About 3,500 cars were produced in Germany as long ago as 1906, but German manufacturers were unable to meet domestic demand completely. This caused Gasmotoren-Fabrik DEUTZ AG in 1907 to undertake an analysis of the motor vehicles market. The hope of finding sufficient sales particularly on the domestic market were thus well founded and the opportunity was gladly seized of recruiting a promising design engineer, one who even brought the complete plans for a vehicle with him: Ettore Bugatti. Bugatti, born on 15 September 1881 in Milan, initially worked in his home city but then moved to Alsace (part of the German Empire in those days) to work for the Maschinenfabrik Grafenstaden under Baron de Diederich. The situation he found there, however, apparently did not offer him the prospect of any great success so he decided to accept a position with Gasmotoren-Fabrik DEUTZ AG in a place then called Cöln-Deutz, because the financial conditions must have been enticing. Bugatti's investigations appear to have produced highly favourable findings, with the result that a contract was signed on 1st September 1907. The four-cylinder in-line four-stroke engine designed by Bugatti with its overhead camshaft driven by a king-shaft and its suspended valves was far ahead of its time.

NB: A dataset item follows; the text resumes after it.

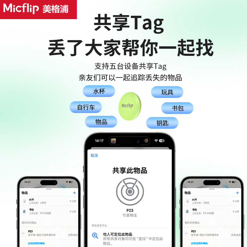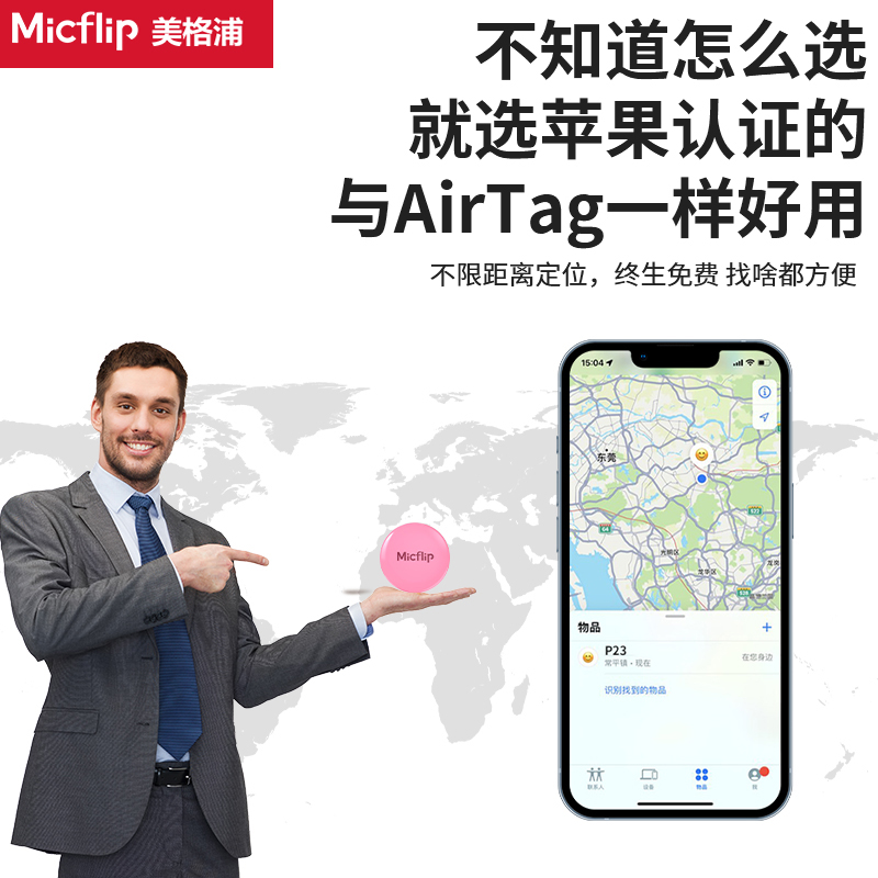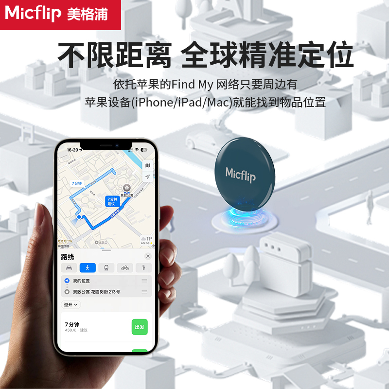 Micflip美格浦苹果迷你防丢定位器查找器平替airtag女男汽车钥匙扣防丢神器行李箱猫咪狗防丢定位宠物Tag挂件

Vehicles were to be built with chain and shaft drive in the Berlin branch works of Gasmotoren-Fabrik DEUTZ AG.

Co-ordination difficulties between Bugatti and company management, and problems in producing the vehicles economically, led to the contract with Bugatti being terminated in 1909, although it had originally been set to run for five years. Production ceased after only about 50 of these cars had been produced. Car production at DEUTZ was thus fated to become nothing more than a brief episode. Ettore Bugatti set himself up in business in Molsheim. The oval logo formerly used for vehicles produced in Cöln-Deutz with the DEUTZ lettering from then on bore the name of BUGATTI.

Ettore Bugatti died in France on 21 August 1947.